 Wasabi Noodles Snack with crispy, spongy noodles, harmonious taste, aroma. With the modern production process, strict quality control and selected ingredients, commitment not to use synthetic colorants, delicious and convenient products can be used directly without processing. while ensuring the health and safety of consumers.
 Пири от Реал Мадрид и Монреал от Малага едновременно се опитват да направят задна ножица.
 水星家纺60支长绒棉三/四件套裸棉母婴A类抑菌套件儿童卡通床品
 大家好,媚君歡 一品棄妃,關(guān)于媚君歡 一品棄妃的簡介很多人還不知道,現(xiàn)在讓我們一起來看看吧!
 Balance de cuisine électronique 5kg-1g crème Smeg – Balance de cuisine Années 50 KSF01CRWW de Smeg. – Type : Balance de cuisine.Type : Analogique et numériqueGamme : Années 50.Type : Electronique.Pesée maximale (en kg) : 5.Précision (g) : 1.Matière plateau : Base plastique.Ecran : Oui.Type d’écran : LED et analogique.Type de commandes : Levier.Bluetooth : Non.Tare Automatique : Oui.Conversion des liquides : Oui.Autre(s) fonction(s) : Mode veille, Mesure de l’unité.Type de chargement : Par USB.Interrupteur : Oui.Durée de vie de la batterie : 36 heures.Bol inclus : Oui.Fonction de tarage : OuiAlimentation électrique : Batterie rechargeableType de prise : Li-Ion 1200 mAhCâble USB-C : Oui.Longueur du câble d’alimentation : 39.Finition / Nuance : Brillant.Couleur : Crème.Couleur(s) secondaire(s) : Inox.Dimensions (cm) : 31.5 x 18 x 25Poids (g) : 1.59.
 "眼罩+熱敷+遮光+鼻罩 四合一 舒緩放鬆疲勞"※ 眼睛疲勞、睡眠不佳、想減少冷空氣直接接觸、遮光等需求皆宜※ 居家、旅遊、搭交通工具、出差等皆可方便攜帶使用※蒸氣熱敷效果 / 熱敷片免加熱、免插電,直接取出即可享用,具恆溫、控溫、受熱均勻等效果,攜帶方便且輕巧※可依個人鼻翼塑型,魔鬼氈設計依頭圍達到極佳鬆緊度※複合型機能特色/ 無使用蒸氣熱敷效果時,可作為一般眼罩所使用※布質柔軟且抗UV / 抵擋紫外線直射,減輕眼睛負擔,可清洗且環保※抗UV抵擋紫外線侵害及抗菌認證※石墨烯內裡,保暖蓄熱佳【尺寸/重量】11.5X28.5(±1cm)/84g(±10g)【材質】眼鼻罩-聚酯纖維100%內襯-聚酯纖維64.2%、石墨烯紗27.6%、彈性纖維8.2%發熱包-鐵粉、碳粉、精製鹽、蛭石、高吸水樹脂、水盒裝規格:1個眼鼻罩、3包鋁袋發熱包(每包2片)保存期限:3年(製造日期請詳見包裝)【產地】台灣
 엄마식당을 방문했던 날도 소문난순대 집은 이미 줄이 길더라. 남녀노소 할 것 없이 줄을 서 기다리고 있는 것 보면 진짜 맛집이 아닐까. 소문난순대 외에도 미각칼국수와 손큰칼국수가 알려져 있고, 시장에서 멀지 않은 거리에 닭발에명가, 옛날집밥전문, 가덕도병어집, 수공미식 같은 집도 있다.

##############################

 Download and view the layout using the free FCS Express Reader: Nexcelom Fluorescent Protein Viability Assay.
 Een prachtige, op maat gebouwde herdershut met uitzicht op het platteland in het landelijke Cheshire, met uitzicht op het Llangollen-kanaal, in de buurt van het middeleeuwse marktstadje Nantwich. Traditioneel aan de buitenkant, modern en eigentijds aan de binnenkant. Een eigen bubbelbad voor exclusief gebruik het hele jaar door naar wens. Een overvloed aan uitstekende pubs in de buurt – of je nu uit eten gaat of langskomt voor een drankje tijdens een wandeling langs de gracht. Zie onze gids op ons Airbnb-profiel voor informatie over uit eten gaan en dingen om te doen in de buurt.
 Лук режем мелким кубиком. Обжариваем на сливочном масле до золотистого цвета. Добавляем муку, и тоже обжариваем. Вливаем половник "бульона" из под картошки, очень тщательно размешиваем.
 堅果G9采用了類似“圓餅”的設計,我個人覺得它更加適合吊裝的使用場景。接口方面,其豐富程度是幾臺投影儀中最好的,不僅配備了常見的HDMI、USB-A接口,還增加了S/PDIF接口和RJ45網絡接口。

##############################

> _ABOUT THIS TASK_: Please return the lines above that run from the line containing "Пири от Реал" to the line containing "엄마식당을 방문했던 날도", inclusive, exactly and with no other lines.

> _WRITTEN ANSWER_:
 Пири от Реал Мадрид и Монреал от Малага едновременно се опитват да направят задна ножица.
 水星家纺60支长绒棉三/四件套裸棉母婴A类抑菌套件儿童卡通床品
 大家好,媚君歡 一品棄妃,關(guān)于媚君歡 一品棄妃的簡介很多人還不知道,現(xiàn)在讓我們一起來看看吧!
 Balance de cuisine électronique 5kg-1g crème Smeg – Balance de cuisine Années 50 KSF01CRWW de Smeg. – Type : Balance de cuisine.Type : Analogique et numériqueGamme : Années 50.Type : Electronique.Pesée maximale (en kg) : 5.Précision (g) : 1.Matière plateau : Base plastique.Ecran : Oui.Type d’écran : LED et analogique.Type de commandes : Levier.Bluetooth : Non.Tare Automatique : Oui.Conversion des liquides : Oui.Autre(s) fonction(s) : Mode veille, Mesure de l’unité.Type de chargement : Par USB.Interrupteur : Oui.Durée de vie de la batterie : 36 heures.Bol inclus : Oui.Fonction de tarage : OuiAlimentation électrique : Batterie rechargeableType de prise : Li-Ion 1200 mAhCâble USB-C : Oui.Longueur du câble d’alimentation : 39.Finition / Nuance : Brillant.Couleur : Crème.Couleur(s) secondaire(s) : Inox.Dimensions (cm) : 31.5 x 18 x 25Poids (g) : 1.59.
 "眼罩+熱敷+遮光+鼻罩 四合一 舒緩放鬆疲勞"※ 眼睛疲勞、睡眠不佳、想減少冷空氣直接接觸、遮光等需求皆宜※ 居家、旅遊、搭交通工具、出差等皆可方便攜帶使用※蒸氣熱敷效果 / 熱敷片免加熱、免插電,直接取出即可享用,具恆溫、控溫、受熱均勻等效果,攜帶方便且輕巧※可依個人鼻翼塑型,魔鬼氈設計依頭圍達到極佳鬆緊度※複合型機能特色/ 無使用蒸氣熱敷效果時,可作為一般眼罩所使用※布質柔軟且抗UV / 抵擋紫外線直射,減輕眼睛負擔,可清洗且環保※抗UV抵擋紫外線侵害及抗菌認證※石墨烯內裡,保暖蓄熱佳【尺寸/重量】11.5X28.5(±1cm)/84g(±10g)【材質】眼鼻罩-聚酯纖維100%內襯-聚酯纖維64.2%、石墨烯紗27.6%、彈性纖維8.2%發熱包-鐵粉、碳粉、精製鹽、蛭石、高吸水樹脂、水盒裝規格:1個眼鼻罩、3包鋁袋發熱包(每包2片)保存期限:3年(製造日期請詳見包裝)【產地】台灣
 엄마식당을 방문했던 날도 소문난순대 집은 이미 줄이 길더라. 남녀노소 할 것 없이 줄을 서 기다리고 있는 것 보면 진짜 맛집이 아닐까. 소문난순대 외에도 미각칼국수와 손큰칼국수가 알려져 있고, 시장에서 멀지 않은 거리에 닭발에명가, 옛날집밥전문, 가덕도병어집, 수공미식 같은 집도 있다.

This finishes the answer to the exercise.